The trial court concluded that CSI and its subsidiaries, including Valley, conducted a unitary business for the fiscal year ending June 30, 1973.1
The facts are not in dispute. The evidence before the trial court consisted of a stipulation of facts, trial exhibits, and testimony.
CSI 2 acquired a controlling stock ownership of Sunbeam in 1969. Sunbeam's operations resulted in substantial losses, a net operating loss for federal tax purposes of $5,851,886 as of June 30, 1972. During the period of ownership, CSI advanced Sunbeam a total of $6,302,512 as of June 30, 1972, and $7,634,747 as of June 30, 1973.
Lee Mar had been engaged in manufacturing and selling women's shirts, blouses and tops in California with sales offices both within and outside of California since 1953. Lee Mar incorporated Valley as its subsidiary in 1970.
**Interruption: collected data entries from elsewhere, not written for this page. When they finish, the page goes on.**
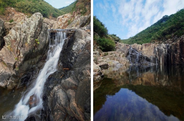 从海滩往北走就能看到流经这里的双鹿石涧,再沿着溪涧南岸继续前行,不一会就能发现一片层层叠叠的小瀑布。如果想看更长更高的瀑布,就需要顺着光秃秃的岩石向上攀爬了,只要到达高处的冲击潭,眼前的景致就绝不会让你后悔。
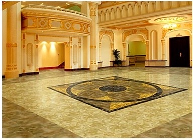 Extremely beautiful and glittering jewel-like floor tiles covered all the hall ways and open areas at the first floor of the The International Art Museum of America (IAMA). H.H. Dorje Chang Buddha III, the artist, wielded his brush and applied colors to create those gorgeous and resplendent as gemstones and with rustic, charming tiles. So ordinary people could replace common tiles, marble, and granite slabs in the old style, and enjoy the splendor of earthly mansions and the beauty of heavenly palaces.
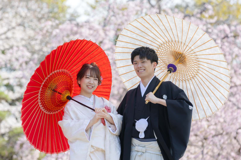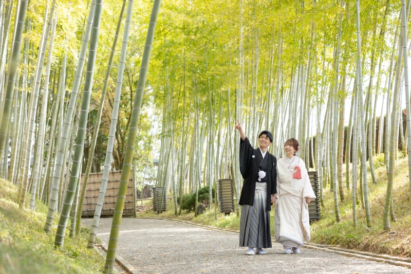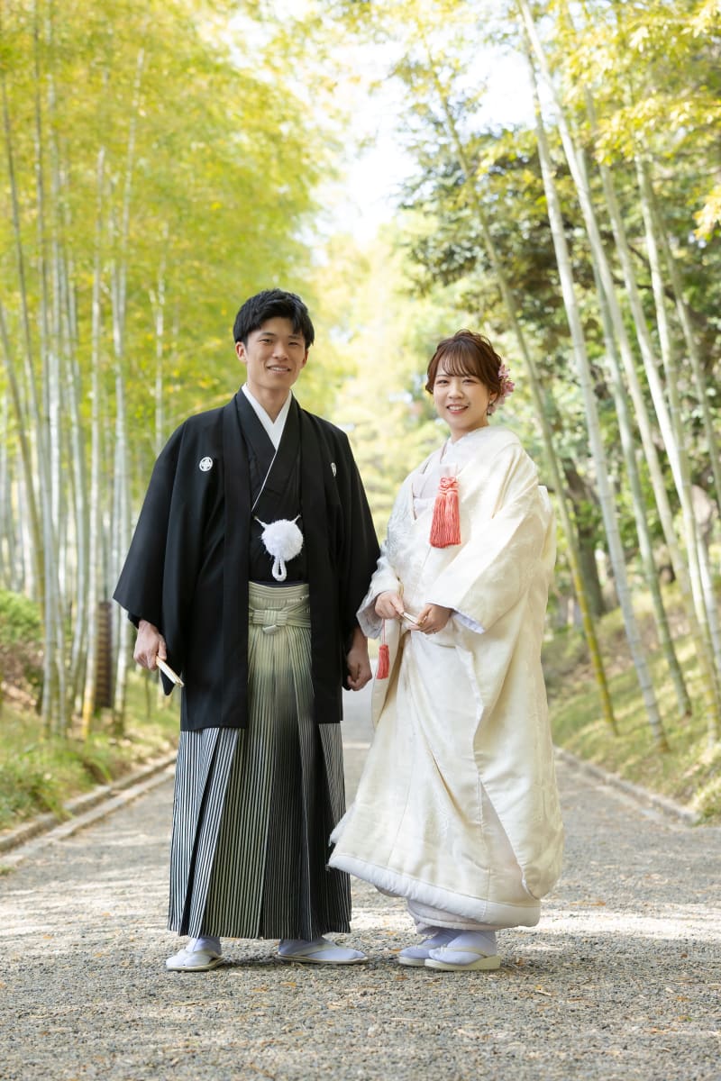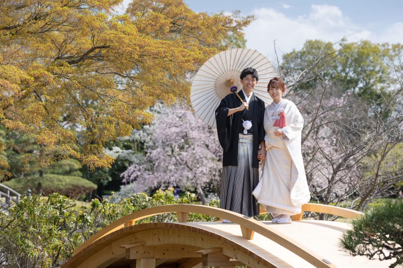 本格日本庭園を再現したスタジオで撮る 和装の結婚写真

As of June 30, 1972, CSI was in default of its long-term obligations, including a promissory note in the amount of $5,000,000 to the Prudential Insurance Company of America (Prudential). CSI had two major assets: $900,000 in cash and a “tax loss carry forward” which could be preserved.
In 1972, CSI developed a reorganization plan through Prudential and Athlone Industries, Inc. (Athlone), another major creditor, “to reduce Sunbeam's aggregate debt, stabilize the company and, at the same time, acquire the profitable Lee Mar/Valley business.” CSI acquired all the stock of Lee Mar and Valley from the stockholders Henry T. Kramer and Leon Frieden pursuant to a purchase agreement executed on October 4, 1972 which recited an effective date of June 30, 1972. The agreement provided, “This Agreement sets forth the terms and conditions pursuant to which, at a Closing (the ‘Closing’) taking place simultaneously with the execution of this Agreement (but as of the close of business of June 30, 1972, since which time the businesses of Lee Mar and Valley have been operated for the benefit of CSI)․” The purchase price was $5 million plus 50 per cent of pretax earnings over a five-year period from June 30, 1972, forward. A portion of the purchase price incurred by CSI in connection with the acquisition of Lee Mar's stock (an amount based on the earnings of Lee Mar, not to exceed $8 million) was guaranteed by Lee Mar. The restructure resulted in debt reduction of about $3 million.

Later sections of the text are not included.